In the meantime, the couple plus troubled Jason and angelic Paige, respectively Yonatan Pelé Roodner and Emily Beacock at the performance under review, are obliged to make do in the most straightened of circumstances. It will be hard for most viewers to imagine what their lives would be like if a trip to McDonald's were unaffordable and nutrition literally comes courtesy of a food bank.

Next door neighbour Colin, played by Nick Holder, is a Brummie who seems happy enough until stressed, at which point he practically collapses.

It doesn't help to have an elderly mother Barbara, who is losing control of all of her faculties, causing deep embarrassment and anger when her incontinence loses patience in the living area.

What makes this piece so difficult to comprehend in this day and age is the treatment meted out to these unfortunates by a variety of officious civil servants.

Emma knows her rights and these include an obligation for the council to move all residents out of accommodation of this type within six weeks. Colin understands reality, having spent the last 12 months cooped up in a tiny room with Mum.

To add colour but little character, the other two residents on show are respectively a Sudanese mother hoping to be reunited with her children before too long and a limping Syrian, whose backstory might well have provided even more drama to an evening already brimming over with it.

In the role of Barbara, Anna Calder-Marshall gives an astonishing performance that towers over even the efforts of a generally superb cast under the direction of the playwright. By the end of the performance, viewers will be rooting for dear old Barbara, as they hold back tears prior to what must be an inevitable standing ovation every night.

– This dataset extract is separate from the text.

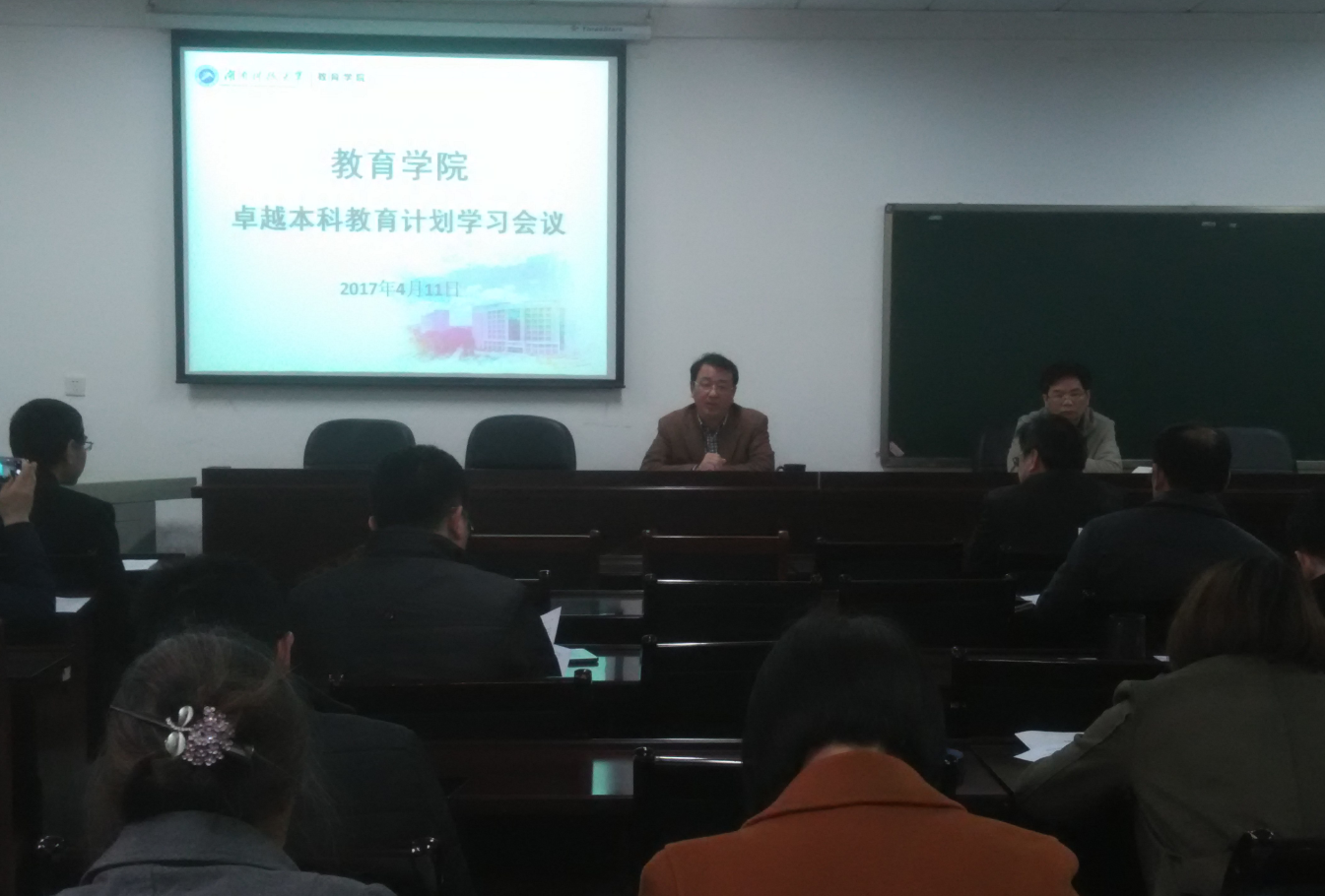 李海萍首先介绍了我校《关于实施卓越本科教育计划的意见》的出台背景和主要内容,尤其强调了我校实施卓越本科教育计划是服务经济社会发展的迫切要求,是高等教育“双一流”建设的客观需要,是学校奋进战略的核心内容。之后,李海萍重点解读了全面提升学校本科人才培养能力过程中确立学校办学定位和明确学校人才培养目标的主要举措。李海萍强调学院要按照学校总体精神,在办学定位上,以立德树人为根本任务,坚持社会主义办学方向,遵循高等教育规律尤其是要遵循高等教育内外部关系规律;要立足湖南,面向全国,放眼世界,传承与弘扬办学传统;要突出人才培养在学院办学中的中心地位,发挥科学研究、社会服务和文化传承创新对人才培养的支撑和促进作用;要突出本科教育在人才培养中的基础性地位,促进本科教育与研究生教育协调发展;要突出教学工作始终是学院的中心工作,以高水平人才培养推进特色鲜明高水平综合性大学建设进程,为国家战略和经济社会发展提供掌握高深知识、高新技术和高尚文化的卓越高层次人才。在人才培养目标上,李海萍认为,就我校办学传统和办学优势而言,培养卓越教师应当与培养卓越工程师一同作为我校人才培养的两个主要目标。
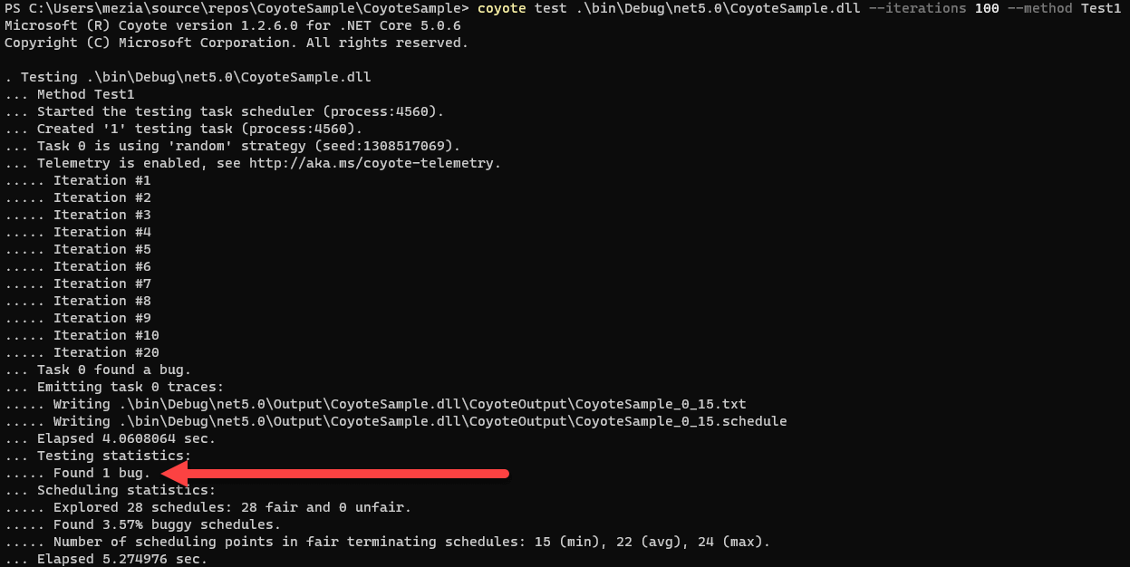 coyote test bin/Debug/net5.0/CoyoteSample.dll --method MyFirstCoyoteTest --iterations 100

If ever a play was written to change society, Love is the one. It certainly doesn't make for easy or pleasant viewing, but no visitor could fail to be impressed by the quality of the writing, the sense that it is closely based on real-life experience and the efforts put in by the whole cast to ensure that audience members have an unforgettable, if gruelling, evening.

Love at the National Theatre until 10 January, 2017.